Chandan Sen is leading a research team at the Indiana University School of Medicine and they have developed a unique nanochip device that can reprogram skin cells in the body to become new blood vessels and nerve cells, out of the prototype phase.
Before this, a breakthrough was made in taking the specialized adult cells and reverting them into the kind of non-specialized stem cells found in embryonic tissue. These stem cells have great therapeutic potential. They can then be made to grow into different cells, tissues, and organs that will be entirely matched with the patient.
However, it is not without its downside. It can lead to a rise in cancerous cells.

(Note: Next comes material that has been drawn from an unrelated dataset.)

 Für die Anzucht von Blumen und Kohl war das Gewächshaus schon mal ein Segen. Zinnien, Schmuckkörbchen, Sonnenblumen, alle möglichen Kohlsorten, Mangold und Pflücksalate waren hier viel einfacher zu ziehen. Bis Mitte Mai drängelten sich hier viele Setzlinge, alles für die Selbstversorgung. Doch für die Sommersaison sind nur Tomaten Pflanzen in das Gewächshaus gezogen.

The IU team is aiming to transform the human body into its own cell programmer using a technology called tissue nano-transfection. In this technique, a silicon nanochip is printed to include channels ending in an array of micro-needles. On top of the chip is a rectangular cargo container, which holds specific genes.
Propelled by a focused electric charge, these genes are introduced to the desired depth in the living tissue and alter the cells, converting the location into a little bioreactor that reprograms the cells to become different kinds of cells or multicellular structures, such as blood vessels or nerves. Once the production starts, they can be used to repair organs and tissues.

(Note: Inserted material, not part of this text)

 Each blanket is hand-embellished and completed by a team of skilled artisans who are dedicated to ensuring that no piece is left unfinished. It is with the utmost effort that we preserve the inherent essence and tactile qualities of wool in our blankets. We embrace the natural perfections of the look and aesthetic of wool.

“This small silicon chip enables nanotechnology that can change the function of living body parts,” says Sen, director of the Indiana Center for Regenerative Medicine and Engineering. “For example, if someone’s blood vessels were damaged because of a traffic accident and they need a blood supply, we can’t rely on the pre-existing blood vessel anymore because that is crushed, but we can convert the skin tissue into blood vessels and rescue the limb at risk.”
The work on this research has been going on for five years. the team now wants to move forward with the prototype and turn it into a practical application. They are aiming to get the US FDA approval next year, which would open the potential for clinical research in people. its applications will mainly include repairing brain damage resulting from a stroke or reversing nerve damage caused by diabetes.
“This is about the engineering and manufacturing of the chip,” says Sen. “The chip’s nanofabrication process typically takes five to six days and, with the help of this report, can be achieved by anyone skilled in the art.”
The research was published in Nature Protocols.